Anthropic killed the subscription-token arbitrage that funded a generation of coding-agent wrappers, OpenAI countered with free Codex, and Ramp confirmed the enterprise share flip (34.4% vs 32.3%) — all in the same week ServiceNow revealed it blew its annual Claude budget by May because Anthropic has no SLAs and no telemetry. The model layer is now a duopoly subsidy fight, wrapper economics are dead, and $30B of enterprise AI revenue is built on consumer-grade plumbing that procurement teams are about to discover they never agreed to. Call your Claude-dependent portfolio companies today — not next board meeting.

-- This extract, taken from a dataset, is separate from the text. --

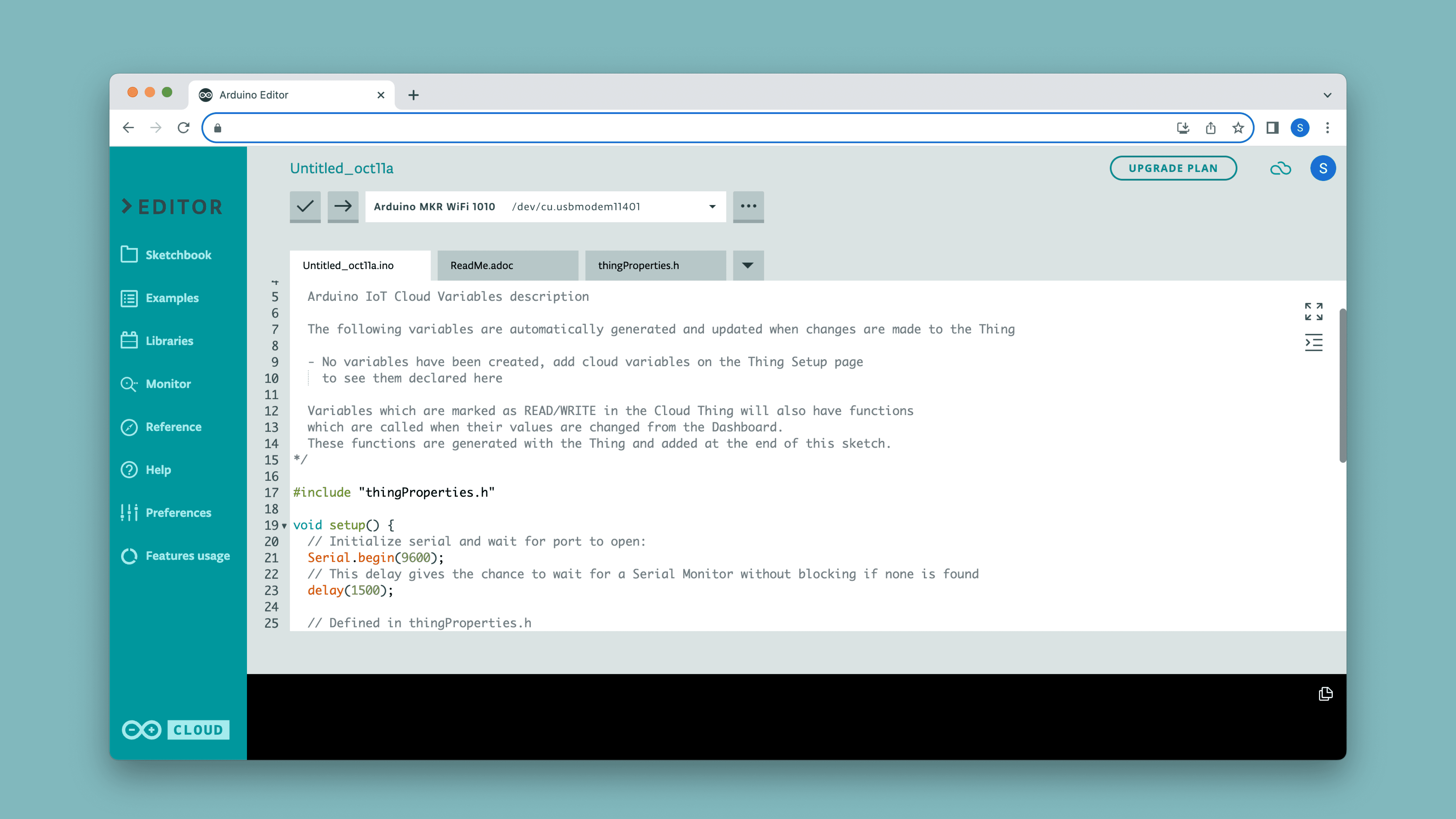 Variables we create will be used in the sketch, and will keep synchronizing as long as the board is connected to the Cloud.

— Promit, reading as Investor ·

Frequently asked

How much runway did Claude-dependent wrappers actually lose this week?
Roughly 20–40% of effective runway, because subscription-tier arbitrage that delivered 70–90% gross margins on inference is gone. A wrapper paying $200/month for tokens that now cost $700–2,000 at API rates has seen unit economics flip toward negative on those workloads, and most founders haven't yet flagged the change to their boards.
Which coding-agent wrappers actually survive the Anthropic repricing?
Three archetypes: open-source distribution plays like Cline that own the anti-lock-in segment, bounded-execution and enterprise-security tools like Cursor's cloud agents that compete on trust rather than tokens, and anything accumulating proprietary workflow data the model layer can't replicate externally. Everything else is a thin subscription-arbitrage wrapper waiting to be marked down.
Why apply a reversibility discount to LLM-layer ARR?
Because enterprise AI spend lacks the structural lock-in of traditional SaaS — no SLAs, no per-user telemetry, and low switching costs mean each model release is effectively a procurement reset. ServiceNow exhausting its full-year Anthropic budget by May, with its CIO publicly calling Claude consumer-grade, is the proof point. A 20–40% discount against comparable SaaS multiples is defensible before the next LP meeting.
What's the investable window for agent infrastructure pure-plays?
Roughly 12–18 months before incumbents like SAP, ServiceNow, and Salesforce either acquire the category or ship competing fabric. The wedges that fit inside that window are vertical orchestration with institutional context, agent identity and governance, MCP tooling and knowledge-graph infrastructure, and agent-specific observability distinct from model-layer FinOps.
What does LiteLLM hitting CISA's KEV catalog mean for AI security deal flow?
It establishes AI infrastructure as a federally recognized attack surface, which creates the first defensible enterprise budget line for AI security as a standalone category rather than an AppSec feature. Combined with NSA-routed access to Anthropic's Mythos and OpenAI's Daybreak partner list, it signals pulling AI-gateway firewalls, model-artifact scanners, and LLM-runtime sandboxes forward by a quarter at Series A entry.